A look inside the fastest supercomputer in Europe

khandekars · on June 14, 2009

Processor: 32-bit PowerPC 450 at 850 MHz. The supercomputer has 294,912 processor cores. Instead of running it at a higher speed, they are quite correctly exploiting the parallelism. It's a net win for performance and energy efficiency. I guess that the desktops of the future will tend to follow a similar trend.

wmf · on June 14, 2009

I guess that the desktops of the future will tend to follow a similar trend.

They won't, because desktop software is quite different from HPC software.

gaius · on June 15, 2009

Well, yes and no. A games developer will do whatever they can to get realistic fluid simulation, for example. People already use more compute power for fog and smoke in games than was used on the weather 20 years ago...

Remember history. Anything people could do on the "mainframe", they eventually wanted to on the desktop.
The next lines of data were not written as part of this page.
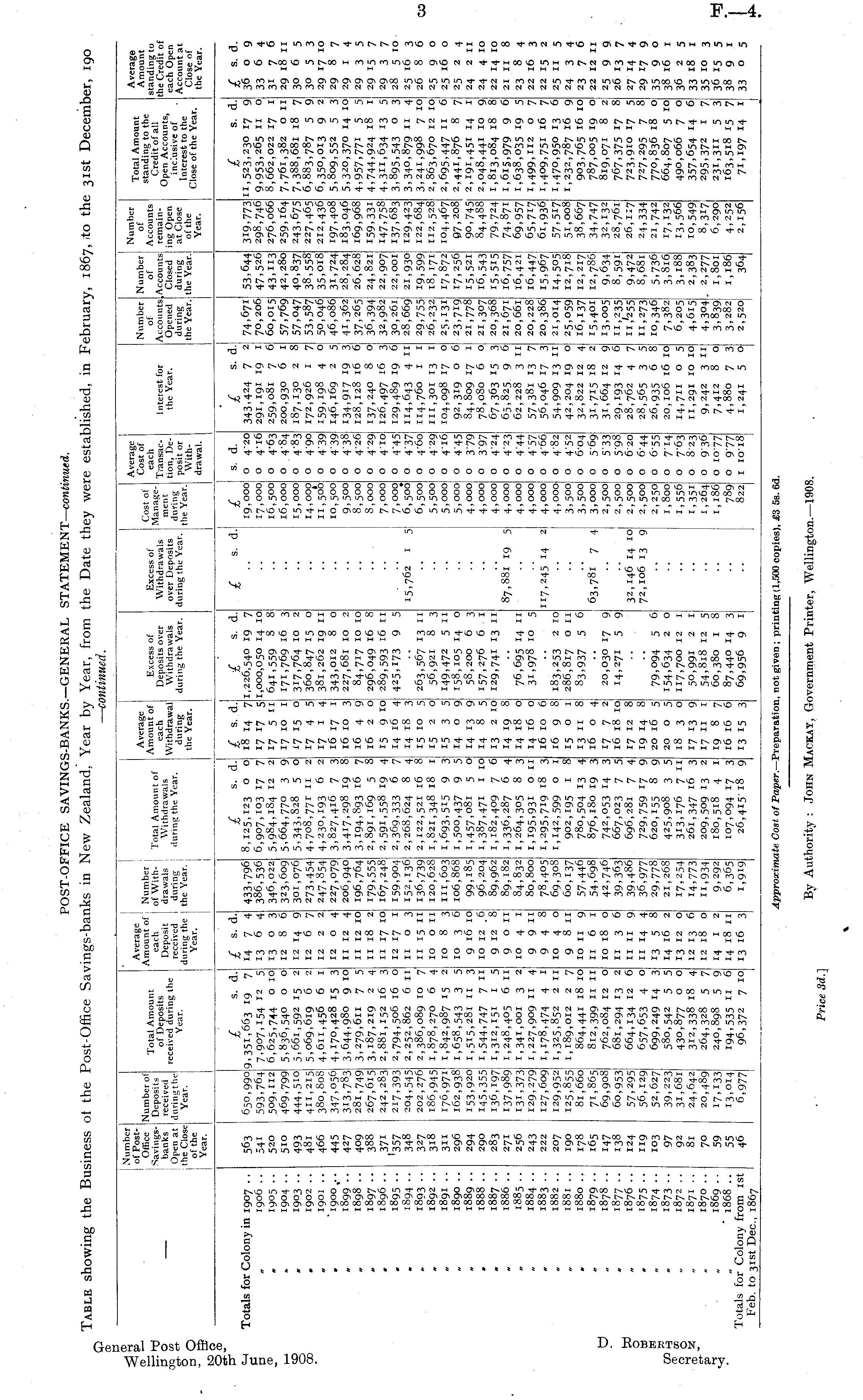 General Post Office, D. Robertson, Wellington, 20th June, 1908. Secretary.
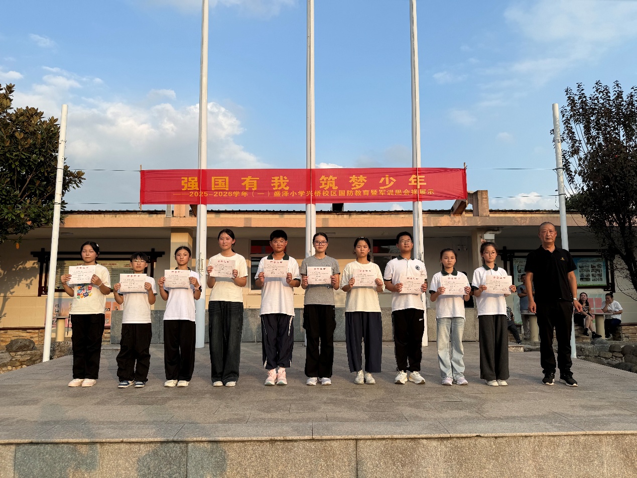 盛泽小学兴桥校区沈勤学校长、群铁村关工委“五老”代表董根林分别为本次军训中荣获优秀学员、优秀团队代表颁奖,沈勤学校长殷切期盼队员们在本次军训活动之后,能够拥有战胜困难的意志和能力,为自己的人生道路添砖加瓦,最后活动在嘹亮的《强军战歌》中落下帷幕。
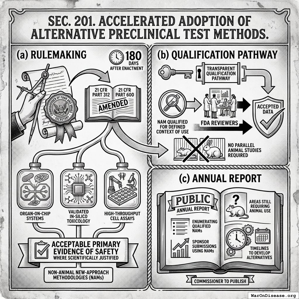 - Rulemaking. Not later than 180 days after enactment, the Secretary, acting through the Commissioner of Food and Drugs, shall issue final regulations amending 21 CFR Parts 312 and 600 to permit non‑animal New‑Approach Methodologies (NAMs), including organ‑on‑chip systems, validated in‑silico toxicology, and high‑throughput cell assays, as acceptable primary evidence of safety where scientifically justified.

khandekars · on June 15, 2009

I will like to believe that the Desktop software will move towards parallelism, may not be to the same extent as of HPC, but in a similar direction in the sense that it will certainly go away from strictly single core approach. It won't be easy, e.g. none of the web browsers today fully exploits all cores of a box. But, it will be fun to watch.

Off topic: I'm in your fan club, :) due to your "Hack the planet" blog http://wmf.editthispage.com since Dec. 1999.

wmf · on June 15, 2009

The cost of finding all the single-thread bottlenecks and parallelizing them is immense -- akin to the Manhattan Project -- and the payoff would be that Intel and AMD could sell different (perhaps lower power) processors than they do today. Why bother? We have processors that work perfectly well for desktop software.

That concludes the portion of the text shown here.